Insurance Is a Risk Cover and Not an Investment FAQs
1. Why is term insurance better than endowment plans?
Term insurance provides pure life cover at a much lower premium compared to endowment or ULIP plans. Endowment mixes insurance with investment, offering lower coverage and lower returns. In contrast, term insurance focuses solely on financial protection in case of death, which is crucial for dependents.
2. Is it okay to have only one insurance policy for life?
Not always. As your income and responsibilities grow, so should your coverage. One policy taken years ago may no longer provide adequate protection. It’s important to review and upgrade your insurance regularly, especially during milestones like marriage, childbirth, or taking loans.
3. What happens if I miss paying my insurance premium?
Most insurance policies come with a grace period of 15–30 days. If payment isn’t made within this time, the policy may lapse. A lapsed policy can result in loss of coverage, and in some cases, you may have to reapply or undergo fresh underwriting.
4. Why should young people buy insurance early?

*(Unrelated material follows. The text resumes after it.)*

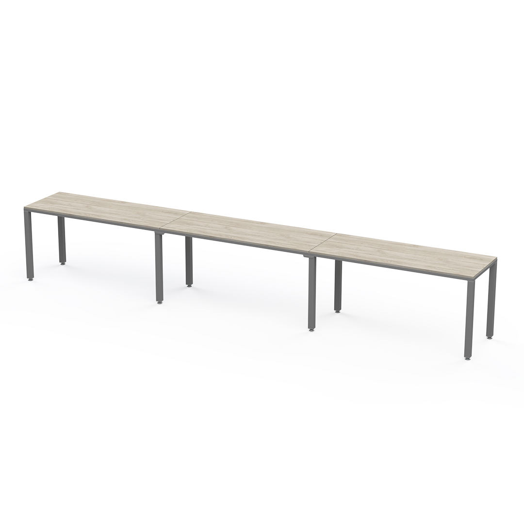 Escritorio lineal para 3 personas es una configuración lineal que permite extender su área de trabajo sin límite. Puede ir de 3 a un número ilimitado de personas.
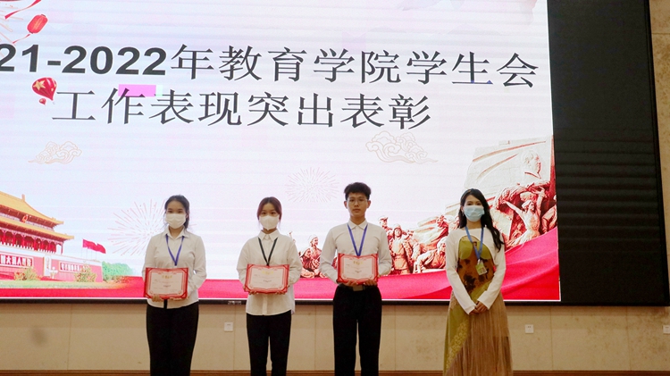 2022年5月12日晚上19:00,教育學(xué)院2021—2022年度表彰大會在圖文信息大樓一樓學(xué)術(shù)報告廳舉行。學(xué)校副校長林萌,教育學(xué)院院長梁善雅,教育學(xué)院辦公室主任吳棉、學(xué)生科科長兼分團委書記盧燕梅出席表彰大會,教育學(xué)院師生代表參加大會。

Premiums are significantly lower at a younger age, and there are fewer health-related exclusions. You also complete the waiting period (in health plans) when you are less likely to need hospitalization. Starting early ensures continuous coverage at a lower cost.
5. Is health insurance necessary if I am healthy and single?
Yes. Medical emergencies are unpredictable, and treatment costs are rising. Having health insurance early ensures you’re covered even before lifestyle diseases set in. Additionally, buying while young means lower premiums and fewer exclusions due to pre-existing conditions.